* _Instructions to follow_
From the data below, repeat everything exactly except the images.

* _Dataset content_
-----

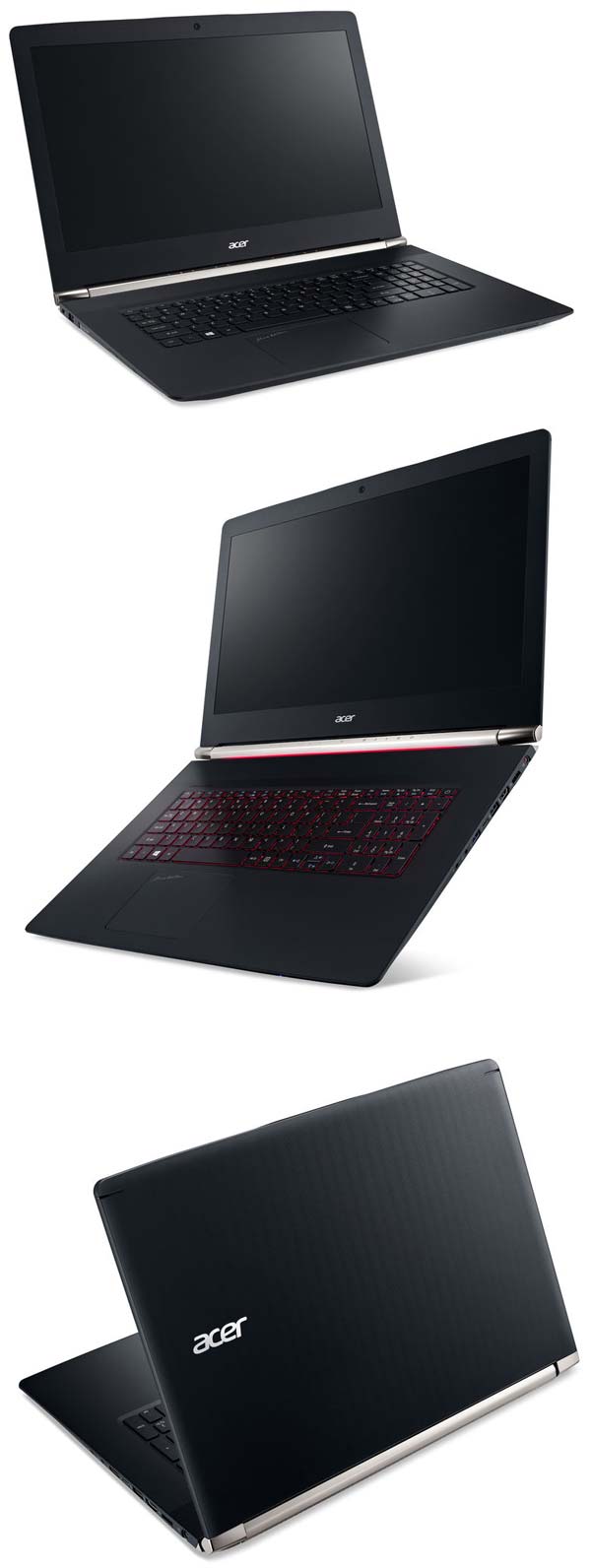 Впервые об обновлении семейства Aspire V17 мы услышали ещё в прошлом году, но теперь о новинке стало известно куда больше. Aspire V17 Nitro Black Edition получил 17.3" IPS экран с разрешением 1920x1080 и углами обзора 178 градусов. Основой решения стал процессор Intel Core i7-6700HQ, объём оперативной памяти DDR4 SO-DIMM равен 16ГБ, вдвое его можно расширить при желании. За вывод и обработку 3D графики отвечает видеокарта GeForce GTX 960M с 4ГБ памяти GDDR5.
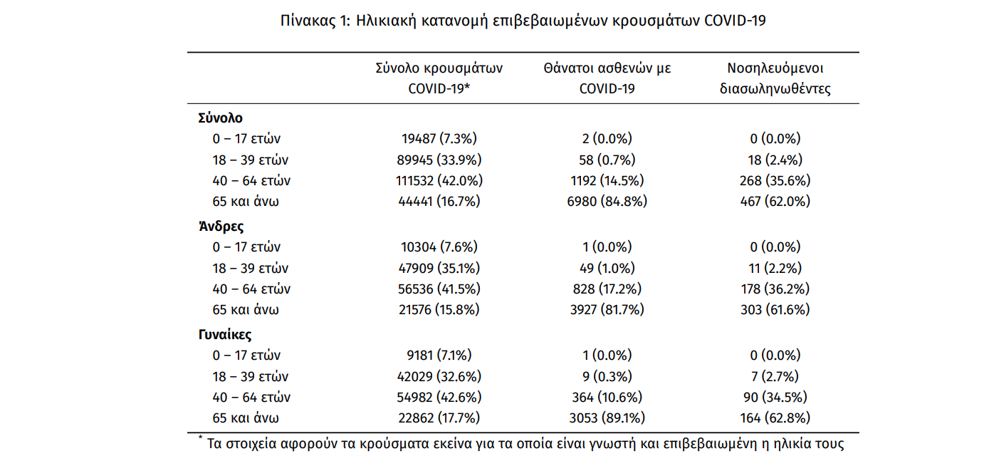 Ο αριθμός των ασθενών που νοσηλεύονται διασωληνωμένοι είναι 753 (65.1% άνδρες). Η διάμεση ηλικία τους είναι 68 έτη. To 83.0% έχει υποκείμενο νόσημα ή/και ηλικία 70 ετών και άνω. Από την αρχή της πανδημίας έχουν εξέλθει από τις ΜΕΘ 1.733 ασθενείς. Οι εισαγωγές2 νέων ασθενών Covid-19 στα νοσοκομεία της επικράτειας είναι 562 (ημερήσια μεταβολή +0.18%). Ο μέσος όρος εισαγωγών του επταημέρου είναι 465 ασθενείς.Η διάμεση ηλικία των κρουσμάτων είναι 44 έτη (εύρος 0.2 έως 105 έτη), ενώ η διάμεση ηλικία των θανόντων είναι 79 έτη (εύρος 0 έως 103 έτη). Διάγραμμα 4: Ηλικιακή Κατανομή κρουσμάτων, νοσηλευόμενων στις MEΘ και ασθενών που απεβίωσαν από την αρχή της πανδημίας
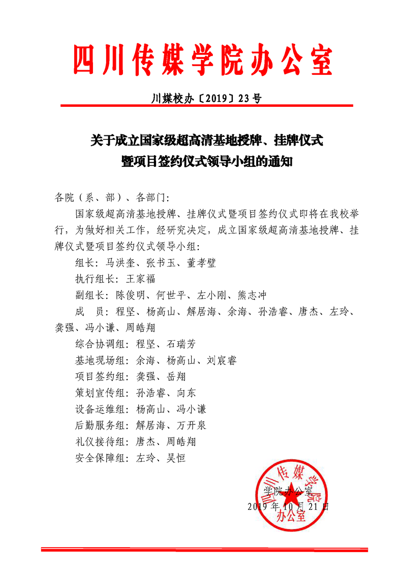 川媒校办2019-23关于成立国家级超高清基地授牌、挂牌仪式领导小组的通知

-----

* _Exercise answer_
 Впервые об обновлении семейства Aspire V17 мы услышали ещё в прошлом году, но теперь о новинке стало известно куда больше. Aspire V17 Nitro Black Edition получил 17.3" IPS экран с разрешением 1920x1080 и углами обзора 178 градусов. Основой решения стал процессор Intel Core i7-6700HQ, объём оперативной памяти DDR4 SO-DIMM равен 16ГБ, вдвое его можно расширить при желании. За вывод и обработку 3D графики отвечает видеокарта GeForce GTX 960M с 4ГБ памяти GDDR5.
 Ο αριθμός των ασθενών που νοσηλεύονται διασωληνωμένοι είναι 753 (65.1% άνδρες). Η διάμεση ηλικία τους είναι 68 έτη. To 83.0% έχει υποκείμενο νόσημα ή/και ηλικία 70 ετών και άνω. Από την αρχή της πανδημίας έχουν εξέλθει από τις ΜΕΘ 1.733 ασθενείς. Οι εισαγωγές2 νέων ασθενών Covid-19 στα νοσοκομεία της επικράτειας είναι 562 (ημερήσια μεταβολή +0.18%). Ο μέσος όρος εισαγωγών του επταημέρου είναι 465 ασθενείς.Η διάμεση ηλικία των κρουσμάτων είναι 44 έτη (εύρος 0.2 έως 105 έτη), ενώ η διάμεση ηλικία των θανόντων είναι 79 έτη (εύρος 0 έως 103 έτη). Διάγραμμα 4: Ηλικιακή Κατανομή κρουσμάτων, νοσηλευόμενων στις MEΘ και ασθενών που απεβίωσαν από την αρχή της πανδημίας
 川媒校办2019-23关于成立国家级超高清基地授牌、挂牌仪式领导小组的通知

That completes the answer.